# Chapter 2: Foundations of Audit Analytics

Broad application of statistical and data analytic tools are essential for the cost-effective completion of audits. This notebook demonstrates Python tools for analytics that provide a scientific basis for audit decisions.

## Setup

In [None]:
import pandas as pd
import numpy as np
import matplotlib.pyplot as plt
import seaborn as sns
from scipy import stats
import auditanalytics as aa

# Set plotting style
sns.set_style('whitegrid')
plt.rcParams['figure.figsize'] = (10, 6)

## Metrics and Estimates

Statisticians estimate; business analysts measure. In auditing, accounting for uncertainty lies at the heart of the discipline.

### Footing and Agreeing

The auditor's initial step when confronted with a new database is to 'foot' the dataset (compute a total) and 'agree' that total to the client's records.

In [None]:
# Load disbursements journal
disburse = aa.load_dataset('ch_2_AP_disbursements_journal')

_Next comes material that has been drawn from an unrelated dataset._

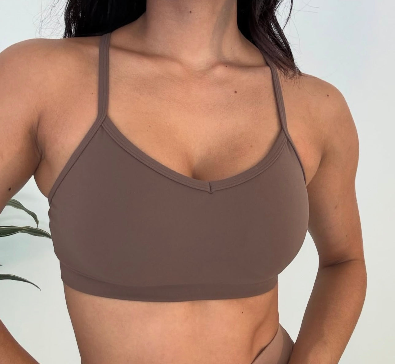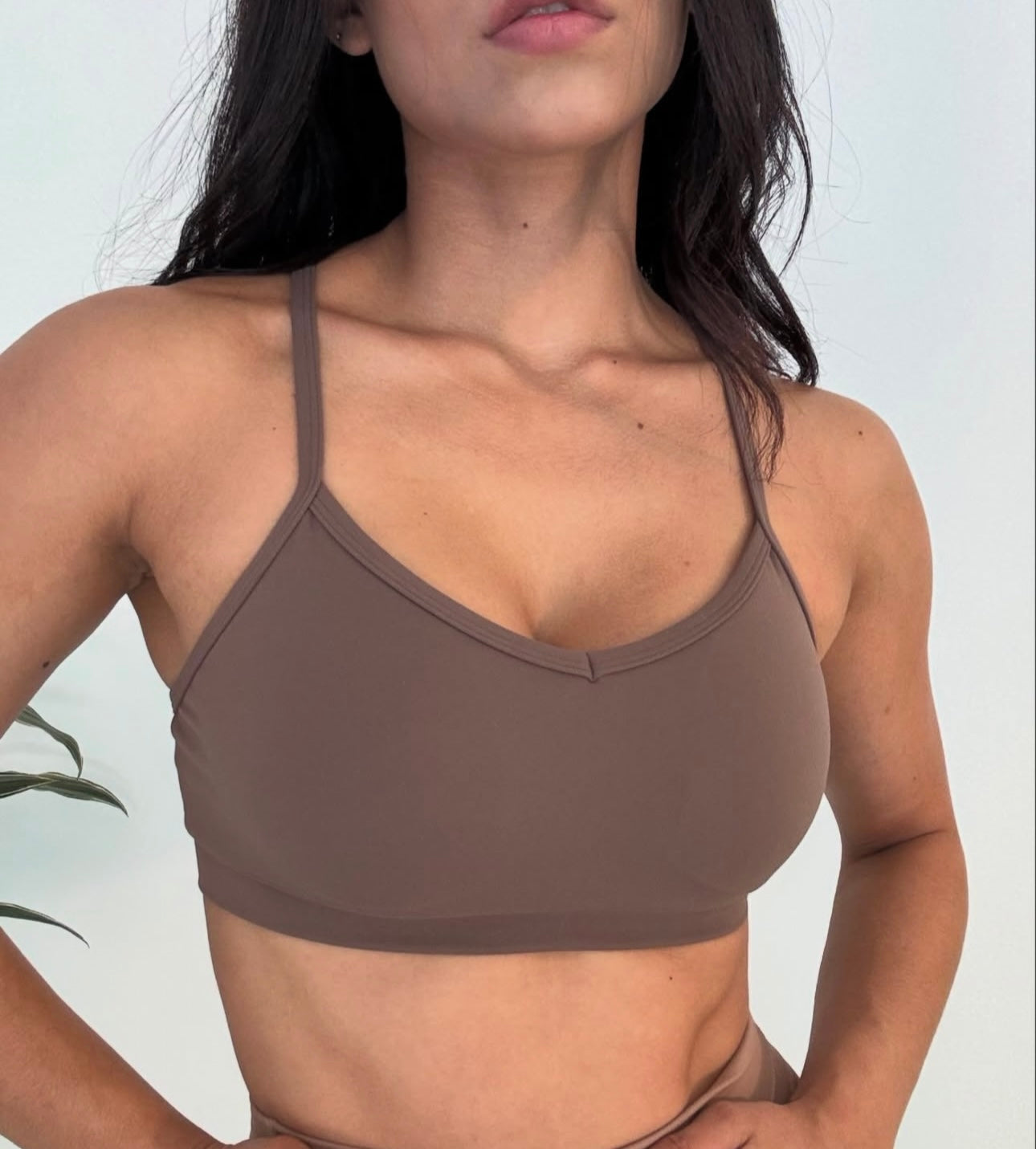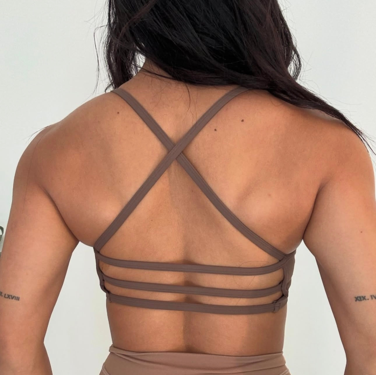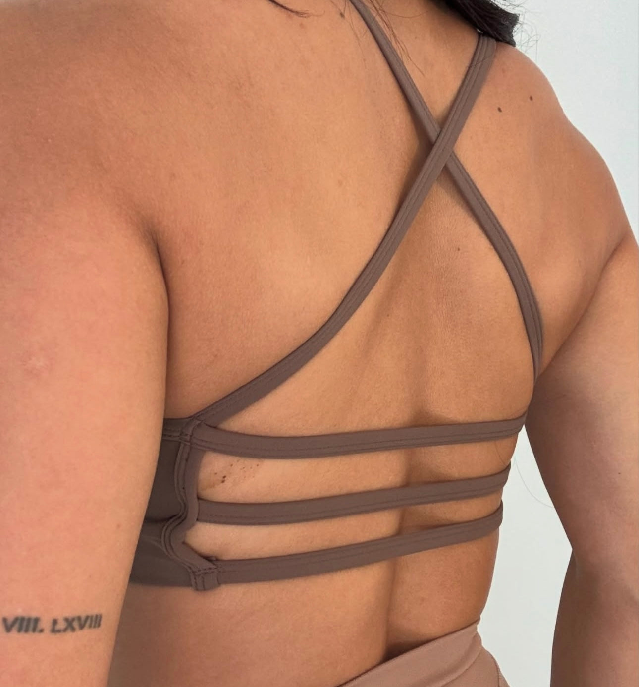 Diseñado para mujeres que aman lo simple pero con personalidad. El Top Tierra combina un frente clásico y sobrio con una espalda cruzada de bandas horizontales, que le da un toque único y moderno.

# Display summary statistics
print(disburse.describe())
print(f"\n\nFooted total of disbursements journal = ${disburse['amount_paid'].sum():,.2f}")

## Banking Industry Dataset Analysis

Let's analyze financial data from the banking industry.

In [None]:
# Load banking financial data
bank_fin = aa.load_dataset('ch_2_yahoo_fin')

# Display basic information
print("Dataset shape:", bank_fin.shape)
print("\nColumn names:")
print(bank_fin.columns.tolist())
print("\nFirst few rows:")
bank_fin.head()

In [None]:
# Descriptive statistics
print("Descriptive Statistics:")
bank_fin.describe(include='all')

In [None]:
# Group-by analysis if 'name' column exists
if 'name' in bank_fin.columns:
    print("\nStatistics by Institution:")
    print(bank_fin.groupby('name').describe())

## Data Visualization

Visual analysis helps identify patterns and anomalies in financial data.

In [None]:
# Example: Distribution plot for numerical columns
numeric_cols = bank_fin.select_dtypes(include=[np.number]).columns

if len(numeric_cols) > 0:
    # Plot first numeric column as example
    plt.figure(figsize=(10, 6))
    sns.histplot(bank_fin[numeric_cols[0]].dropna(), kde=True)
    plt.title(f'Distribution of {numeric_cols[0]}')
    plt.xlabel(numeric_cols[0])
    plt.ylabel('Frequency')
    plt.show()

## Statistical Testing

Statistical tests help validate assumptions about the data.

In [None]:
# Normality test on numeric data
if len(numeric_cols) > 0:
    sample_col = numeric_cols[0]
    data = bank_fin[sample_col].dropna()
    
    if len(data) > 0:
        statistic, p_value = stats.normaltest(data)
        print(f"Normality test for {sample_col}:")
        print(f"  Statistic: {statistic:.4f}")
        print(f"  P-value: {p_value:.4f}")
        print(f"  Result: {'Data appears normal' if p_value > 0.05 else 'Data does not appear normal'}")

## Conclusion

This notebook demonstrates fundamental statistical and analytical techniques used in audit analytics with Python. These tools provide the foundation for more advanced audit procedures covered in subsequent chapters.